La mission Séguin ne s'y est pas trompée, en analysant les formes civiles du Service National: «D'où un premier constat: ce sont des jeunes bien informés qui entreprennent les démarches nécessaires.» [SEG96]
  Note 41     AFP, 21/07/2000: «Un jeune homme a tenté de se suicider hier pour échapper au service militaire, en se jetant d'une colline à Poligny (Jura). Originaire de Salais-les-Bains, cet ouvrier de 22 ans ne supportait pas la perspective de perdre son emploi. Il a chuté de 50m de haut sur un sentier situé en contrebas et souffre de multiples fractures.»
  Note 42     Alain Richard, Assemblée Nationale, le 21/06/00 (Puis confirmé par un communiqué de la Défense, du Permier Ministre etc.).
«Tous les jeunes titulaires d'un CDD ou d'un CDI bénéficient d'un report d'incorporation (Applaudissements sur les bancs du groupe socialiste et du groupe communiste).»
Ceci équivaut à une dispense, puisque les bénéficiaires en CDI obtiennent un report de 2 ans, indéfiniment renouvelable, qui les conduits après janvier 2003, et ils ne sont donc plus incorporables.
  Note 43     «Il est donc incertain que le service national ait une incidence positive sur les statistiques relatives au chômage des jeunes.
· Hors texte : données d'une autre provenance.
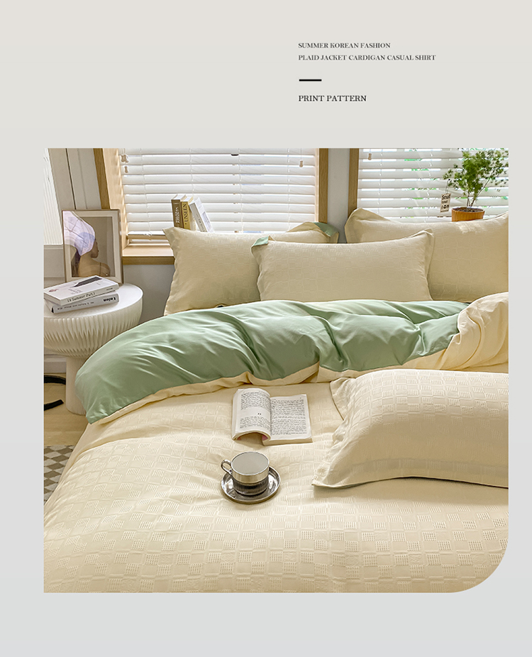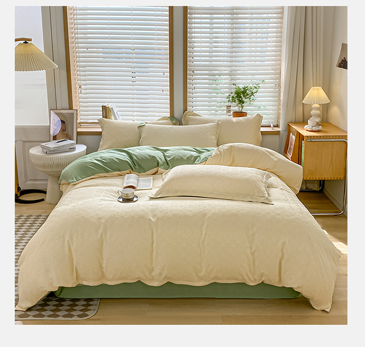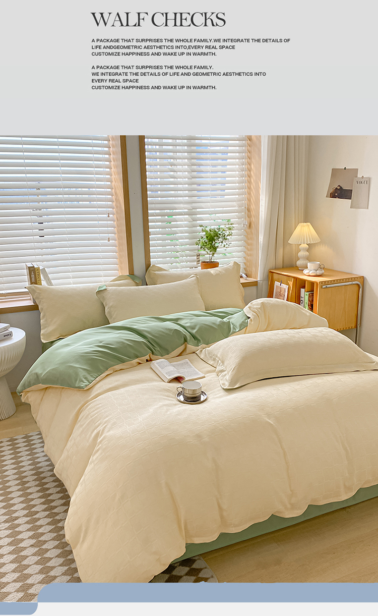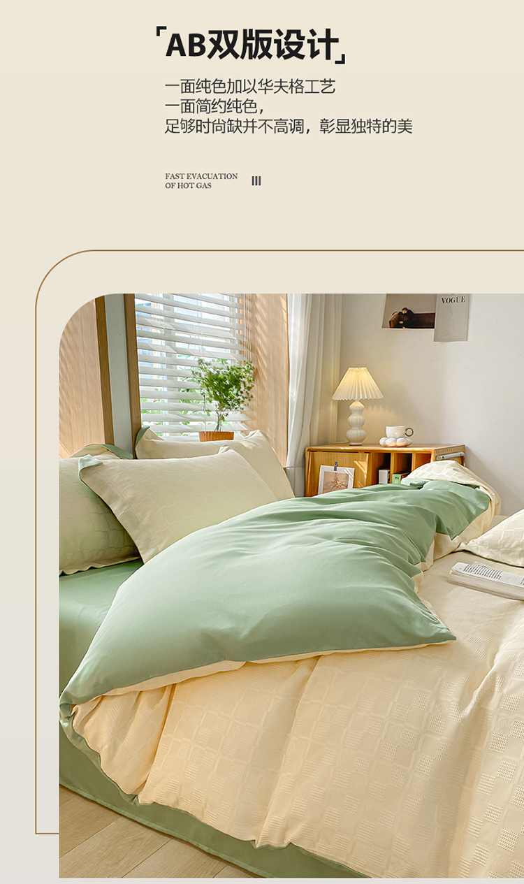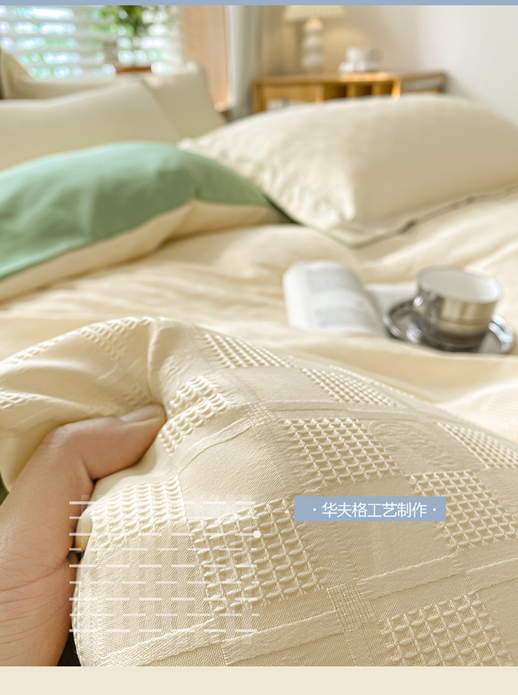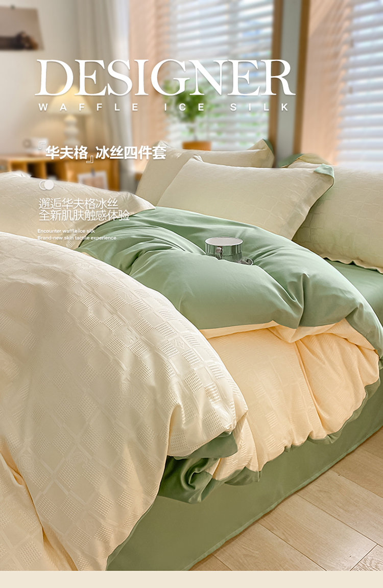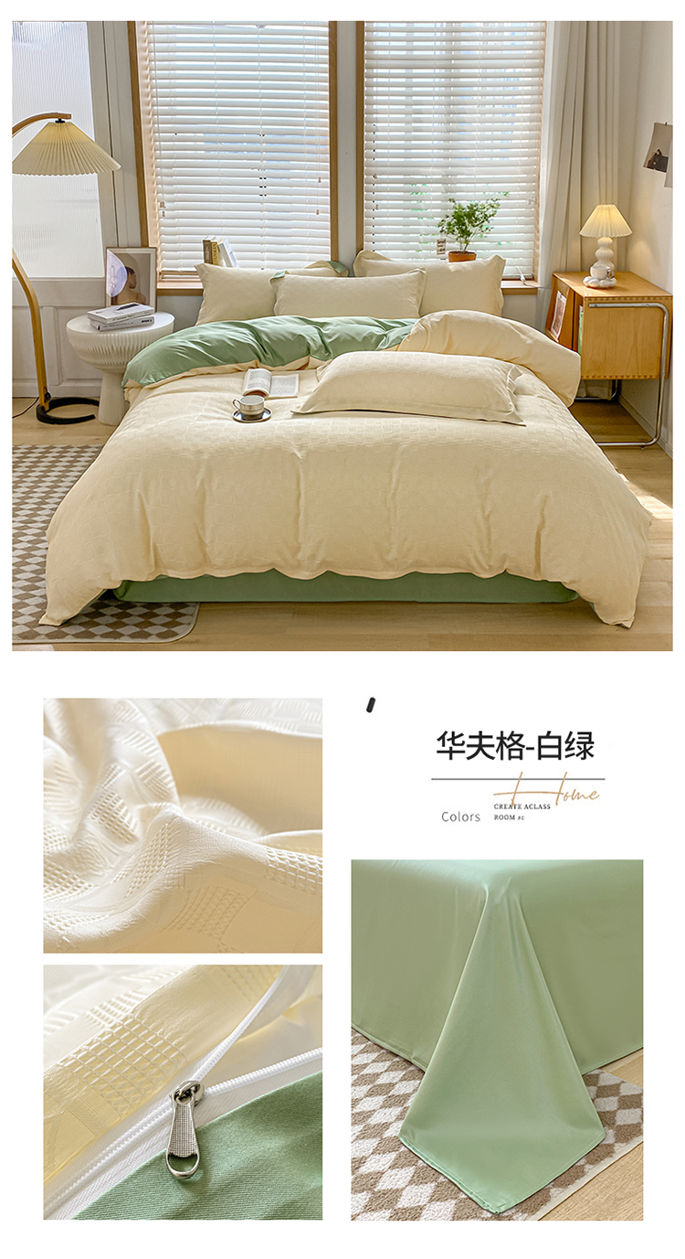 当前位置: 91家纺网 > 商品网购 > 床品套件 > 四件套 > 化纤活性四件套 > 骏腾家纺 2023新款华夫格冰丝四件套 华夫格-白绿

Il n'est pas exclu qu'il joue un rôle négatif sur l'embauche et la recherche d'emploi des jeunes gens assujettis.», I.C.4.c) - rapport Vinçon, 1996.
«Plus vite la jeunesse s'insère et trouve une voie professionnelle qu'elle suivra, mieux c'est pour la nation, plutôt que de la faire attendre par un service volontaire pour passer le temps.», audition de M. Jean Fourré, président de la commission interministérielle des formes civiles du service national, audition pour la mission Vinçon, 1996.
  Note 44     Réponse du 20/07/2000 de Michel Sapin, à la fédération fonctionnaires FO qui s'insurgeait contre le caractère discriminatoire des dernières mesures:
«Les mesures qui ont été prises en faveur des jeunes ont pour objet de les protéger du risque du chômage à l'issue du service national [...]. Les fonctionnaires bénéficient de la garantie de l'emploi. Il n'y a donc pas de discrimination à leur égard.»
  Note 45     Loi 97-1019 portant réforme du code du SN. Article 4.I.1 et 2:
I. - l° Avant le premier alinéa de l'article L. 122-18 du code du travail, il est inséré un alinéa ainsi rédigé: «Le contrat de travail d'un salarié ou d'un apprenti, appelé au service national en application du livre II du code du service national, est suspendu pendant toute la durée du service national actif.»
I. - 2° Le premier alinéa de l'article L. 122-18 du même code est complété par une phrase ainsi rédigée: «La réintégration dans l'entreprise est de droit.»